*EXERCISE INPUTS*:
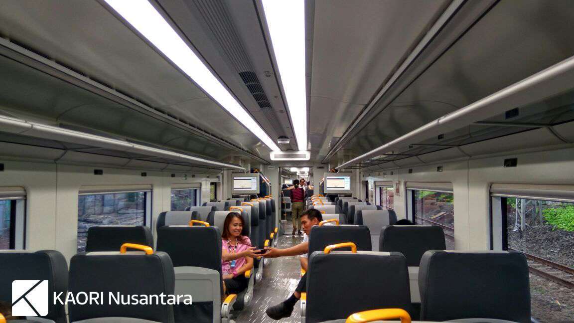 Selama di perjalanan, KAORI menikmati beberapa fasilitas di dalam rangkaian KRL yang memberikan kenyamanan lebih bagi penumpang. Reclining seat (kursi yang sandarannya dapat diubah kemiringannya) yang cukup nyaman, ruang kaki yang sangat lega -meski tanpa sandaran kaki (footrest)- dan lubang daya model Universal Serial Bus (USB) untuk melakukan pengisian baterai gawai, dengan dua pilihan keluaran arus yang berbeda (1 dan 2 Ampere). Selain itu, terdapat tempat untuk meletakkan koper, layar informasi serta toilet yang terpisah, khusus urinoir (khusus buang air kecil bagi pria) dan kloset duduk.
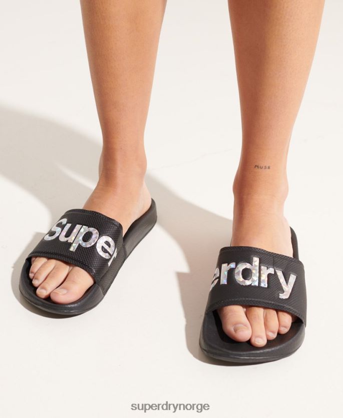 superdry holografiske glidebrytere for infill basseng for kvinner. disse gliderne har en tvers over den øverste fotremmen og støpt fotseng. ferdig med en holografisk superdry-logo på fotremmen og en superdry-merket såle.
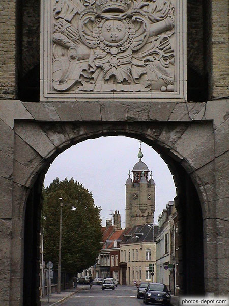 Porte du roi Soleil et beffroi, France, Nord, Côte d'Opale, Bergues
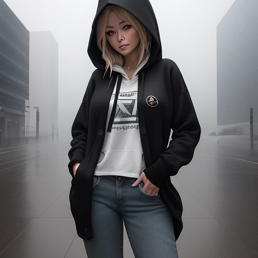 photography, in the city, woman, natural pose, Sony α9 II, Sony FE 100-400mm f/4. 5-5. 6 GM OSS lens, loose black long cardigan with logo patch and black hoodie, denim pants, natural ights, rainny day with fog --no an odd shape, mannequin, crop, excessive design, an awkward pose, strange details, typo, unfinished forms, necessary objects, logo, three hands, three legs, weired eye, celebrity face, strange hand shape --ar 9:16 --style raw --stylize 700 --v 6
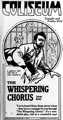The Whispering Chorus is a 1918 American silent psychological drama film directed by Cecil B. DeMille.[1] It is the first and earliest film was considered a psychological drama.[2]
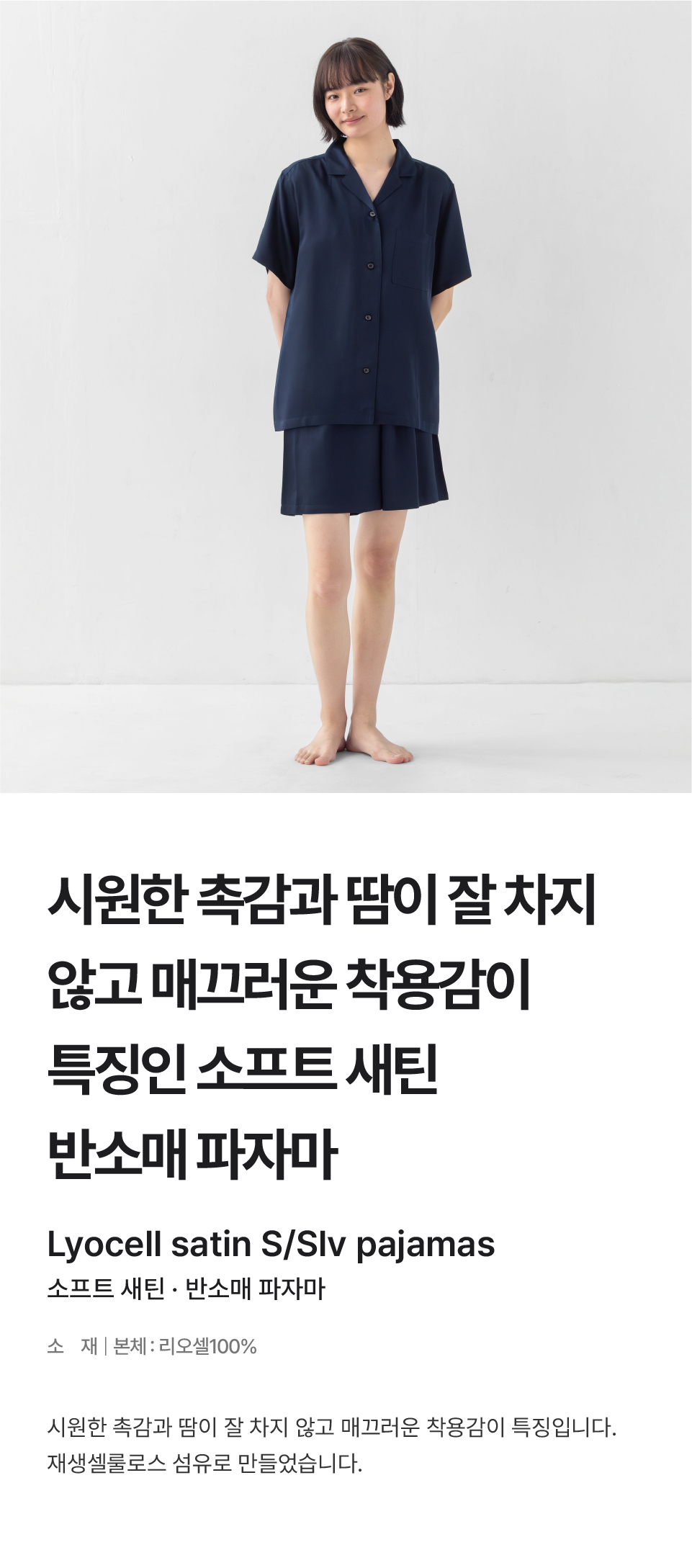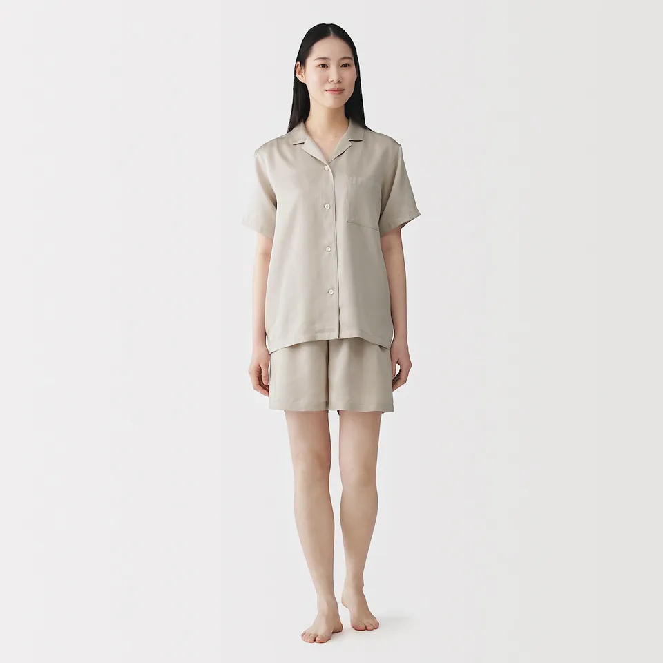 여성 소프트 새틴 반소매 파자마/FD1N9A6S
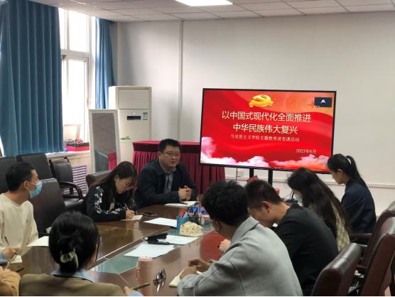 为深入学习贯彻习近平新时代中国特色社会主义思想,深刻学习领会党的二十大精神,用党的创新理论统一思想、凝聚共识、提振精神、激发干劲,激励广大青年时刻以历史主动精神涵养建设中国式现代化的责任担当,进一步推进主题教育走深走实,6月5日上午,马克思主义学院院长张海涛教授在雁塔校区华油能源楼818会议室为研究生第一党支部全体党员讲授了题为《以中国式现代化全面推进中华民族伟大复兴》的专题党课,党课由辅导员童玲主持。
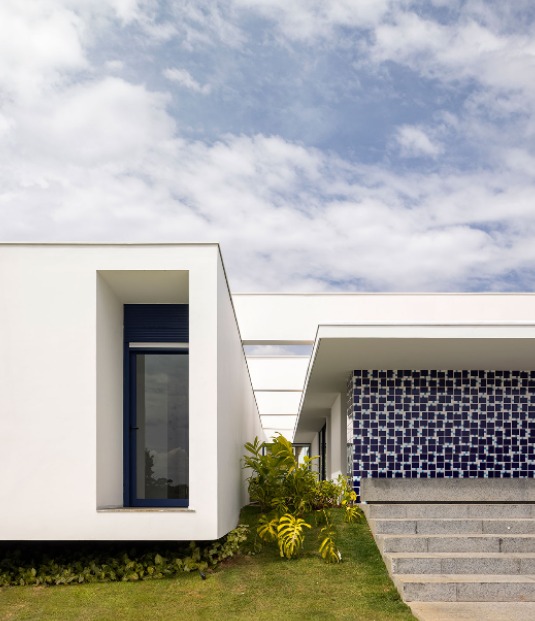 Sementara itu, tampilan eksterior rumah menghadirkan aksen panel ubin biru dan putih yang kontras. Elemen ini memberi identitas kuat pada bangunan tanpa mengganggu keharmonisan desain keseluruhan. Warna biru menjadi penanda visual yang mengikat narasi arsitektur dan seni dalam satu kesatuan.

*ACTIVITY*: In the records above, everything from the line with "superdry holografiske glidebrytere" down to the line with "Porte du roi" must be duplicated exactly, both lines kept. Leave no pictures in.

*TASK SOLUTION*:
 superdry holografiske glidebrytere for infill basseng for kvinner. disse gliderne har en tvers over den øverste fotremmen og støpt fotseng. ferdig med en holografisk superdry-logo på fotremmen og en superdry-merket såle.
 Porte du roi Soleil et beffroi, France, Nord, Côte d'Opale, Bergues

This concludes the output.